When You’re Right; You’re Right:
Good Morning Middle America, your King of Simple News is on the air.
Bear with me here, I want to re-run one more piece because I think that it is extremely important to consider at this point.
I have a 52 page booklet which remains on my desk top and one that I have read many times from cover to cover. The title is “The Chief Cause of This and Other Depressions.” The author is Leonard P. Ayres, Vice President of the Cleveland Trust Company.
Mr. Ayres wrote the booklet at the request of Josiah W. Bailey, Senator, North Carolina.
The read is nothing less than astounding, the perspective nothing less than amazing. I won’t bore you with the base content, as only deranged people like me enjoy the nuts and bolts of economics. I will however give you Mr. Ayres synopsis which states that certain guidelines should be adhered to should the U.S. choose to avoid another state of depression.
Operating in a stable and predicable environment is the key to our economic woes. As Mr. Ayres so well stated, “That kind of fundamental stability is the product of the drab and un-dramatic exercise of national integrity and self-restraint.” In other words, we have already failed the first principal.
Following are the points that Mr. Ayers suggests would keep our economy on an even keel. He begins, “It involves persistent adherence to at least seven national policies.”
1. Peace, and the enduring prospect of peace.
2. A sound money in which both our citizens and those of other countries have full confidence.
3. Balanced national budgets.
4. A sound banking system, independent of political influence.
5. The limitation of bank credit to loans fully justified by the demonstrated earning power of the assets on which the loans are based.
6. The restriction of speculation financed by credit.
7. Such negative regulation of business operations as experience may have proved necessary to prevent abuses, dishonest competition, and exploitation, but with a minimum of positive regulation designed to control wage and price competition, or to favor special group interest.
Let’s grade our federal politicians on adherence to these policies. It seems that they have scored an F-, getting none right and creating the exact opposites.
What do you think of Mr. Ayres advice? Seems like he knows what he is talking about to me. It also seems that we wouldn’t be in this terrible predicament if we had followed his guidelines.
Oh, did I tell you that Mr. Ayres wrote his book in 1935? Six years into the longest and most severe depression that this county has ever known.
So then is recession coming? Or is the “D” word rearing its ugly head? I’m going to assume that if you are one of the hundreds of thousands who have lost their jobs and homes in 2007 and 2008, that depression is already a fact of life.

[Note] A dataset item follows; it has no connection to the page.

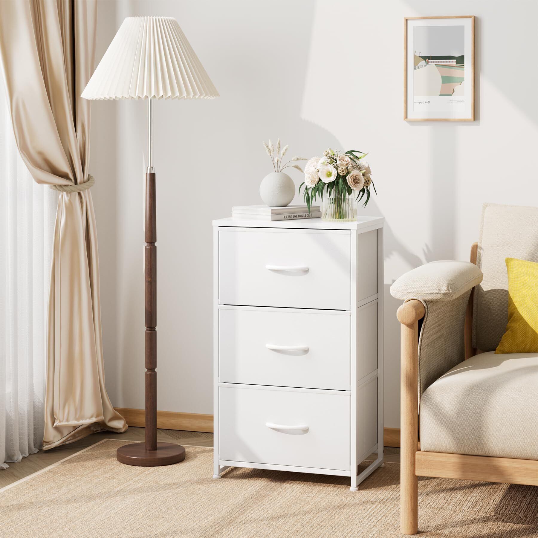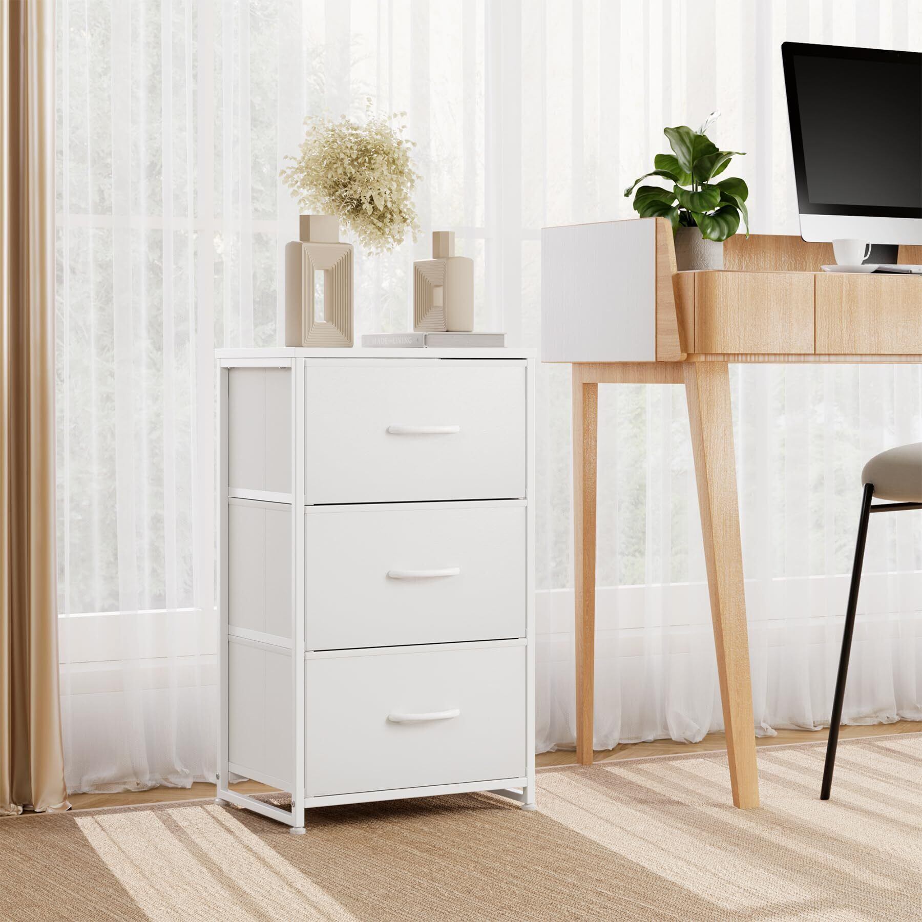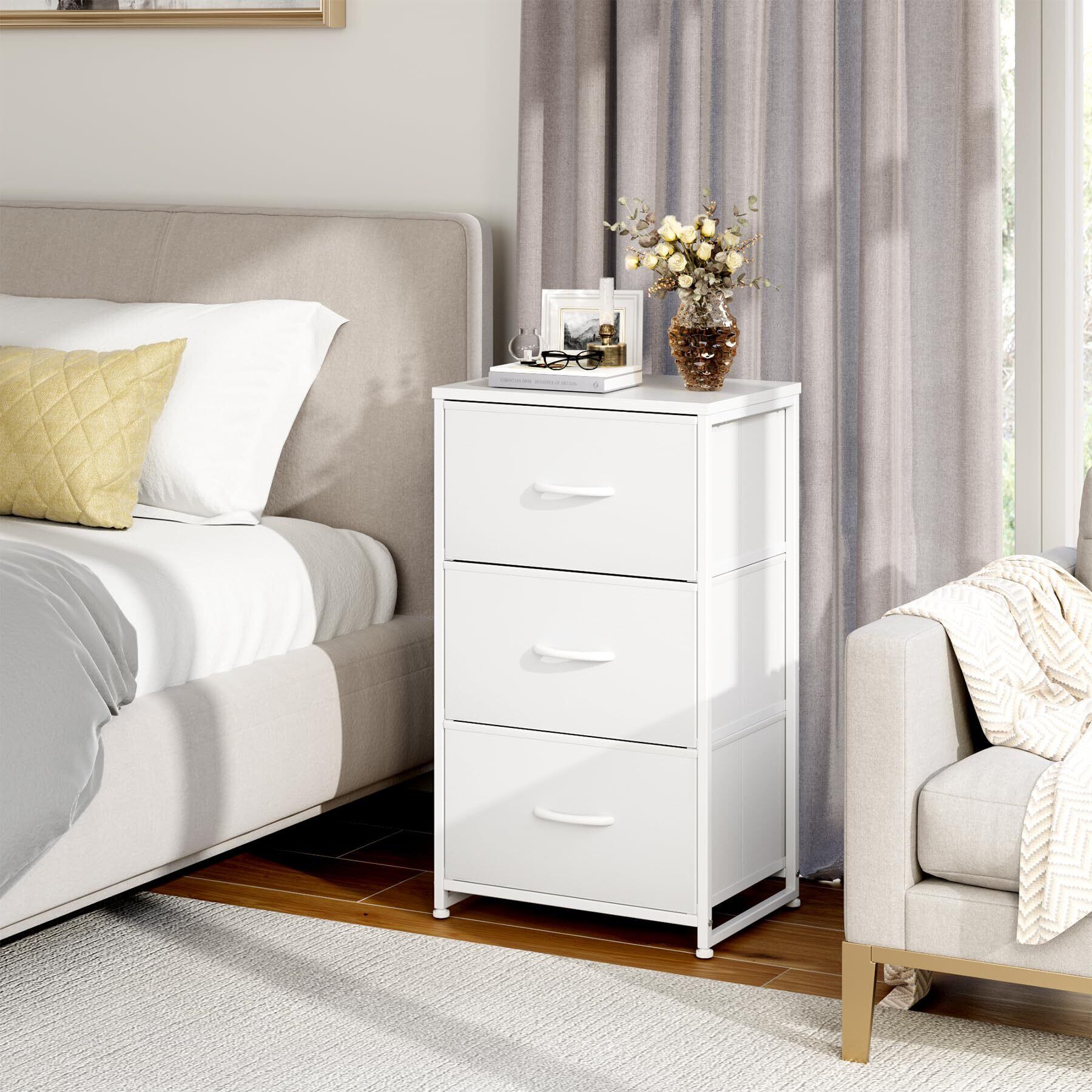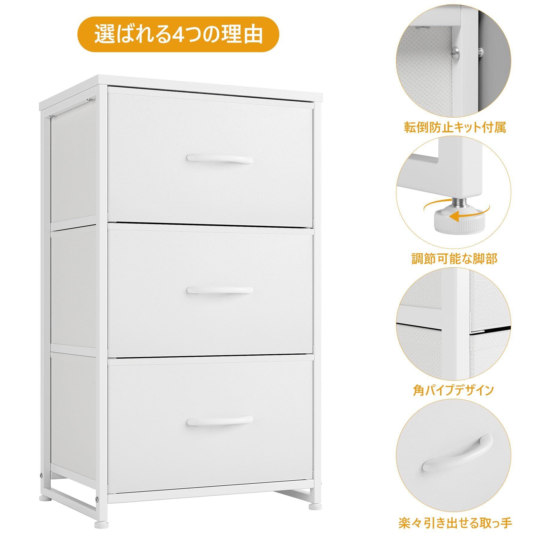 Nicehill チェスト 収納 タンス 引き出し オーガナイザー 収納ケース 衣類収納 木製天板 組立簡単 転倒防止 3段(幅40㎝ x 奥行き30㎝ x 高さ72.5㎝) (ホワイト)

Which of our candidates for President of the U.S. adheres to these policies? Which one suggests that we return to national integrity and self-restraint? Just one…Ron Paul. The others are still trying to figure out what went wrong in 1929.


Best article I’ve read on the subject.. Short, and right to the point.. Greed is causing problems for the best government money can buy.. We will never have a problem that can be solved by writing a check.. Our problems will be debt, and inflation..
WmA..
Willy,
I suppose it will always boil down to greed and power.
We have no concept of sustainability. Most of our lives are spent working away at jobs that we don’t really care for in order to purchase “stuff” on credit that will insure that we continue to work at jobs that we really don’t care for. The dog is now in full pursuit of his tail.
However, regardless of how well we guard against facing reality, it will show up all the same and sit patiently licking it’s chops.
Hey Mike, Mr Ayres sounds like a genius! As far as our government folks I think that they did not even show up for the test as far as their grades are concerned. Our entire financial governing system and our law enforcement system should be completely removed from the political process and politics as a whole(maybe because politics is a hole). Our entire Bush mess(including those who came before him) is based to a great deal on these 2 systems being controlled by those in power. You know what they say about absolute power! The real question is how do we depoliticise our financial and law systems without giving them too much power as well? They would need to be sub-governments with external controls by non-partisan groups. Considering our voting records we would not want to risk letting We, the people, voting on these groups. Just who could we trust? The “Czar” thing did not seem to work all that well. The SEC is run by political hacks. Maybe we should go international! Oouch! My head is beginning to hurt! Have yourself a good one Mike!
Michael,
Mr. Ayres had a good financial mind and was physically living the horrors of the Great Depression which gave him prespective that certainly Bernanke and Greenspan don’t have.
His simple rules of conduct would have guaranteed us a sound future, but our government violated each and every one.
My fear is that as our situation becomes more dire, the masses will in fact consult the perpetrators for guidance.